Regulators assure public of financial stability


The central bank-led Financial Stability Coordination Council (FSCC) has issued another public assurance Wednesday, March 9, that financial regulators are aware and handling emerging systemic risks that could impact on the domestic financial sector amid “changing global market conditions”.

The FSCC is the venue for financial market authorities to identify, monitor, manage, and mitigate the build-up of systemic risk in the local financial system.   

During its quarterly meeting, FSCC said it “recognized the fluidity of market conditions and assured the public that it is taking steps to sustain the recovery of the Philippine economy.”

The FSCC said it “also called on the collective effort of its stakeholders as the financial system prepares for global developments which may have systemic risk implications.”

The FSCC is chaired by the Bangko Sentral ng Pilipinas and its members include the Department of Finance, the Insurance Commission, the Securities and Exchange Commission and the Philippine Deposit Insurance Corp.

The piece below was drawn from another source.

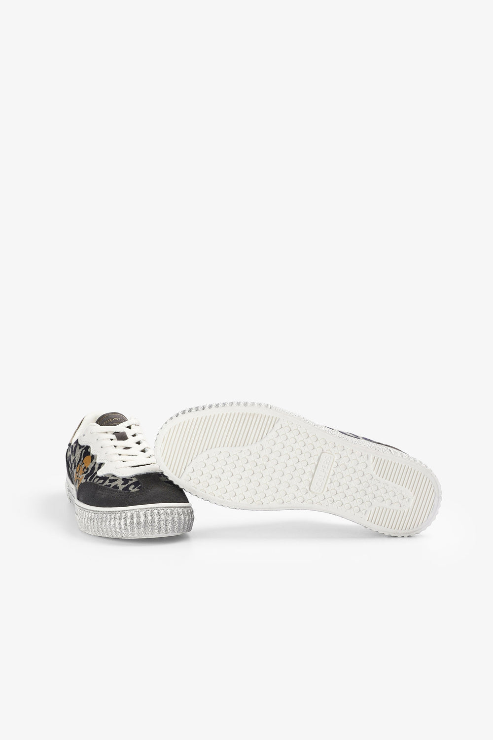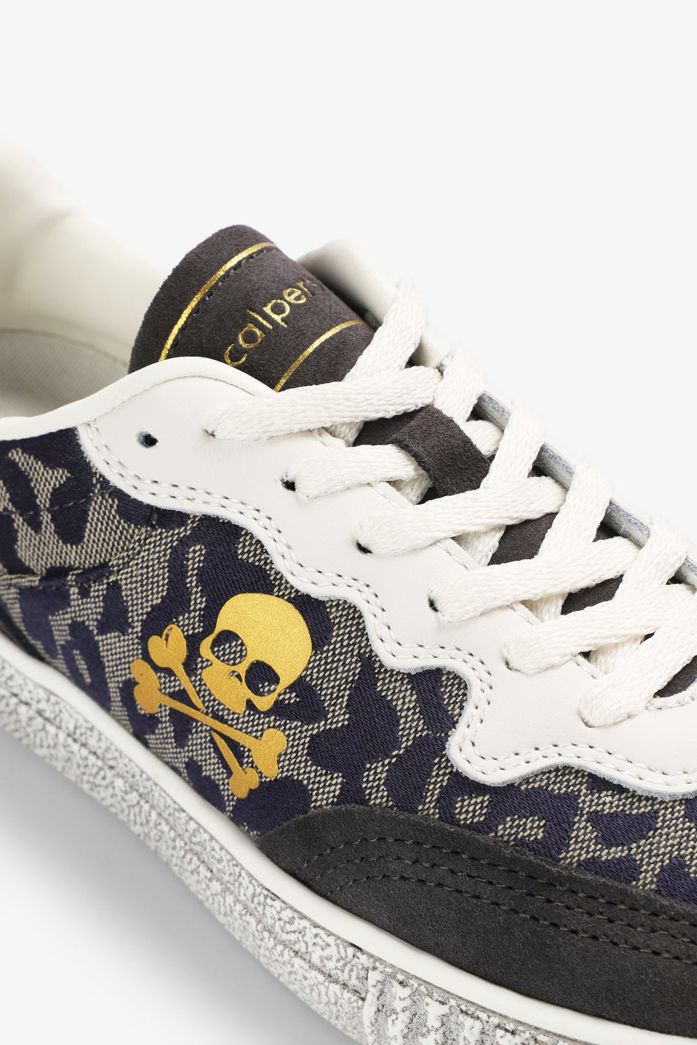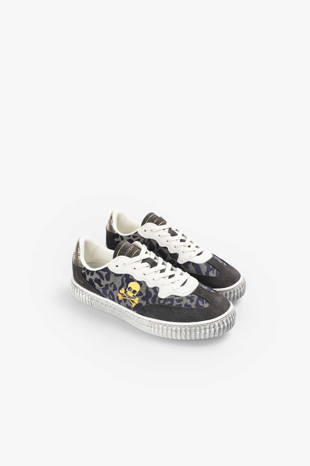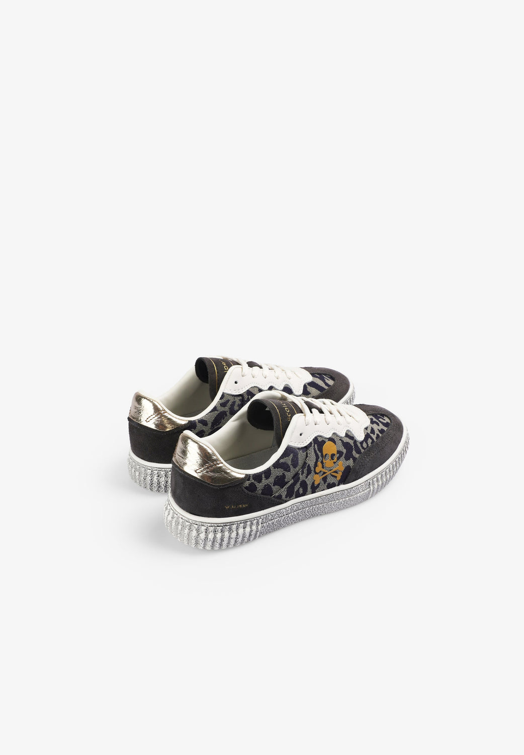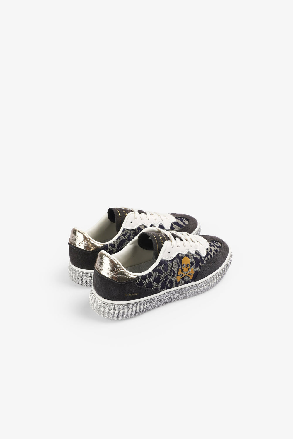 Lage sneakers vervaardigd van leer. Contrasterend doodshoofd aan de zijkant. Dierenprint. Vetersluiting. TPR-zool met versleten effect. Contrasterend metalen detail op de hiel en logo op de tong en onderkant.

FSCC meeting with officials from BSP, SEC, IC, PDIC, DOF

In February, the FSCC said improving public health infrastructure especially the logistics side, and resolving supply bottlenecks and climate change issues are crucial factors in dealing with emerging systemic risks amid the pandemic.

The FSCC's latest Financial Stability Report (FSR) which covered the second semester of 2021, said the Philippines’ GDP performance will only get stronger this year but to sustain growth, it has identified four issues that the country must address to ensure a full recovery for the long term. This includes growth-at-risk and equity to strengthen recovery, aside from public health infrastructure, among others.

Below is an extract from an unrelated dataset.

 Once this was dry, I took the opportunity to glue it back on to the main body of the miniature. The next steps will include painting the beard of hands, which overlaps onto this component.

While markets have remained fluid, with COVID-19, the world now has supply chain problem because of the lockdowns. Based on the latest FSR, the current supply bottleneck issue and its impact on prices “will not simply fade any time soon (as this) has implications on global inflation” and thus will affect recovery.

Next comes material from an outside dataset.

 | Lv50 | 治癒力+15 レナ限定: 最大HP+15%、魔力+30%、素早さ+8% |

On inequality concerns, the FSR noted that “COVID-19’s underlying scars may not be fully reversed by recovery” because of the socio-economic gap which the pandemic forced to the surface.

To address the inequality issue, it goes back to the public health infrastructure and the restoration of the purchasing power for the “poor” or vulnerable sector. “Without this, vulnerable families will not have the wherewithal to move forward and would instead have to depend on national support. This is not a viable option,” said the FSR.